Theorem List for Metamath Proof Explorer - 6301-6400   *Has distinct variable group(s)

Type	Label	Description
Statement
Theorem	resssxp 6301	If the 𝑅-image of a class 𝐴 is a subclass of 𝐵, then the restriction of 𝑅 to 𝐴 is a subset of the Cartesian product of 𝐴 and 𝐵. (Contributed by RP, 24-Dec-2019.)
⊢ ((𝑅 “ 𝐴) ⊆ 𝐵 ↔ (𝑅 ↾ 𝐴) ⊆ (𝐴 × 𝐵))
Theorem	cnvssrndm 6302	The converse is a subset of the cartesian product of range and domain. (Contributed by Mario Carneiro, 2-Jan-2017.)
⊢ ◡𝐴 ⊆ (ran 𝐴 × dom 𝐴)
Theorem	cossxp 6303	Composition as a subset of the Cartesian product of factors. (Contributed by Mario Carneiro, 12-Jan-2017.)
⊢ (𝐴 ∘ 𝐵) ⊆ (dom 𝐵 × ran 𝐴)
Theorem	relrelss 6304	Two ways to describe the structure of a two-place operation. (Contributed by NM, 17-Dec-2008.)
⊢ ((Rel 𝐴 ∧ Rel dom 𝐴) ↔ 𝐴 ⊆ ((V × V) × V))
Theorem	unielrel 6305	The membership relation for a relation is inherited by class union. (Contributed by NM, 17-Sep-2006.)
⊢ ((Rel 𝑅 ∧ 𝐴 ∈ 𝑅) → ∪ 𝐴 ∈ ∪ 𝑅)
Theorem	relfld 6306	The double union of a relation is its field. (Contributed by NM, 17-Sep-2006.)
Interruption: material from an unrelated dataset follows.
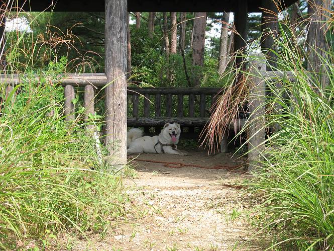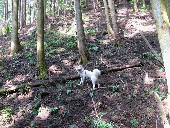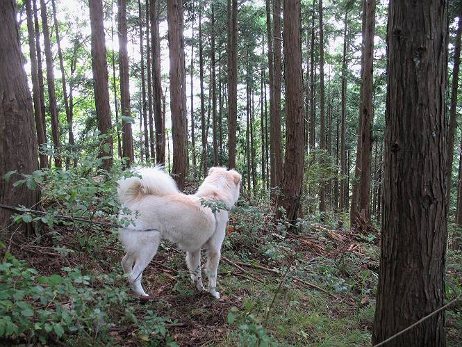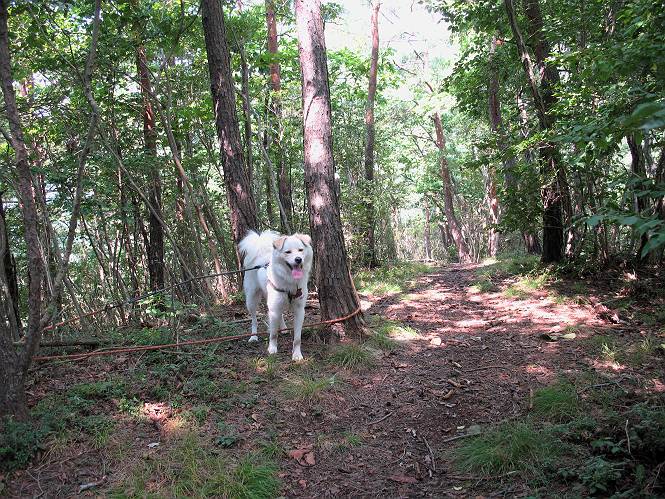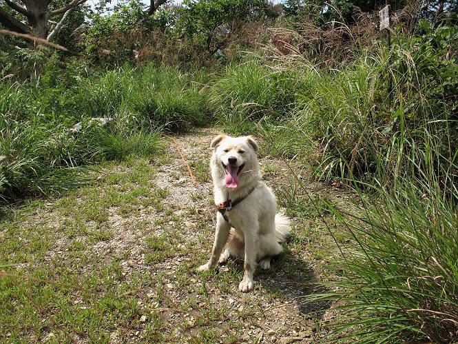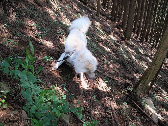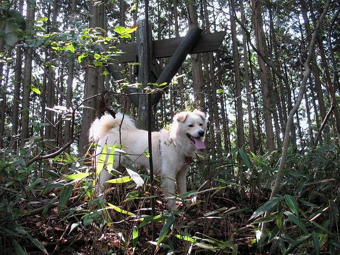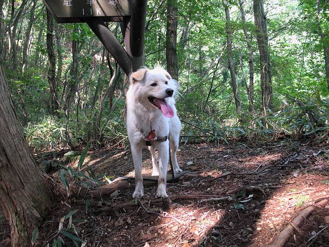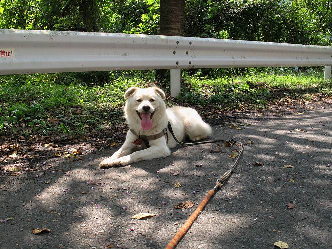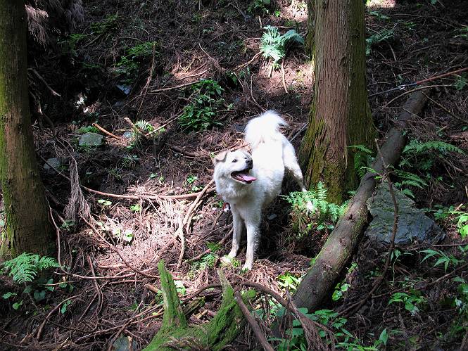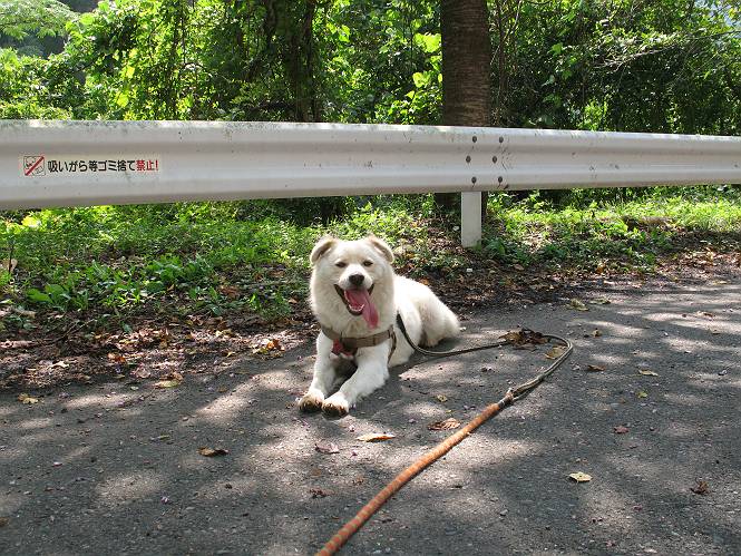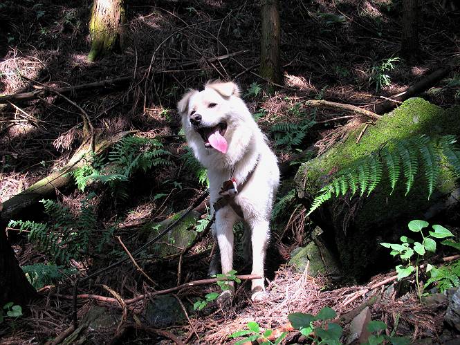 | 平成二十年九月十四日 Before 写真集目次へ Next 朝、雨が少し降りましたが、日中は良い天気になるそうで、松田川ダムから赤雪山に連れてってもらいました。赤雪山に登る時は、いつもですとダムの上から歩くのですが、今日は帰りにいつもの川で水遊びをするので、下の駐車場を出発しました。駐車場には大きなテントが沢山張ってあり、キャンプを楽しんでいるようでした。丸太の階段を上って、展望台の脇を通り、赤雪駐車場から沢に沿った登山道に入りました。 「お父さん、お水飲むから待って!」、沢に入ってお水を沢山飲みました。 「ああ、おいしかった」 沢から離れた所で小休止しました。 お父さんが休んでいる間に、急な斜面を這い上がったりして遊びました。 杉の木にリードが引っかかってしまいました。 「と・れ・ま・し・た・よ」 丸太の階段を上って、ジグザグに進むと間もなく尾根に出ました。 お父さんは、またお休みのようです。 ぼくはヘーキです。 ここからしばらく急坂を登りました、ぼくもハッハ、ハッハ、・・・・・・、しながら、やっと東屋のある赤雪山山頂に着きました。 東屋で腰をおろして休みました。干肉とトバをもらいました、おいしかったでーす。 お水ももらったよ。お父さんもザックからゴソゴソ出して食べています、何だろな? 日陰って涼しいですね。外には、ススキがいっぱい咲いてますね。今日は中秋の名月ですって、うさぎさんのお餅つきが見えるかな。 東屋の前で山頂の記念写真を撮ってもらいました。 イスのそばで座ってもう1枚撮ってもらいました。 下りはお父さんの後について歩きました。ちょっと前に出そうになると、「アト、アトだよ」って言われました。一段下がったピークで、ぼくが自由に遊べるようにと休憩しました。 歩き回ったり、ニオイをとったりして感触を楽しみました。 そうしたら、リードが木に絡まってしまいました、どうしましょう。お父さんが、「バカだねぇ、またやっちゃったよ」、と笑いながら外してくれました。 ここから、ダムに近い所まで下って、今度は穴掘りをして遊びました。 掘って、掘って、・・・・・・、何かいるかな? ダムに出て木陰で座り込んでしまいました。「忠治、疲れたか」、と言ってましたが、こうすると、いい気分なんですよ。 お父さんも一緒に座り込みました。ザックからミカンを出して食べ始めました。ぼくは、ニボシとほねっこ、トバ、ビスケットをもらいました。 こんなカッコウで失礼して頂いてます。 「そろそろ出発しましょうか」 ダムから下って駐車場を通り、いつも遊んでいる松田川に降りました。水の中って、気持良いですね。 おやっ、あっちにいっぱい人がいるぞ、行ってみよう。 ポッチャン、ポッチャン、お水を飲みながら近くまで歩きました。 ぼくの入れてもらえるのはここまでです。でも、眺めていたら小さい子が3人やってきて顔をさわったりしてました、うれしかったよ。水の中で一緒に遊びたいけれど、・・・・・。 Before 写真集目次へ Next |

⊢ (Rel 𝑅 → ∪ ∪ 𝑅 = (dom 𝑅 ∪ ran 𝑅))
Theorem	relresfld 6307	Restriction of a relation to its field. (Contributed by FL, 15-Apr-2012.)
⊢ (Rel 𝑅 → (𝑅 ↾ ∪ ∪ 𝑅) = 𝑅)
Theorem	relcoi2 6308	Composition with the identity relation restricted to a relation's field. (Contributed by FL, 2-May-2011.)
⊢ (Rel 𝑅 → (( I ↾ ∪ ∪ 𝑅) ∘ 𝑅) = 𝑅)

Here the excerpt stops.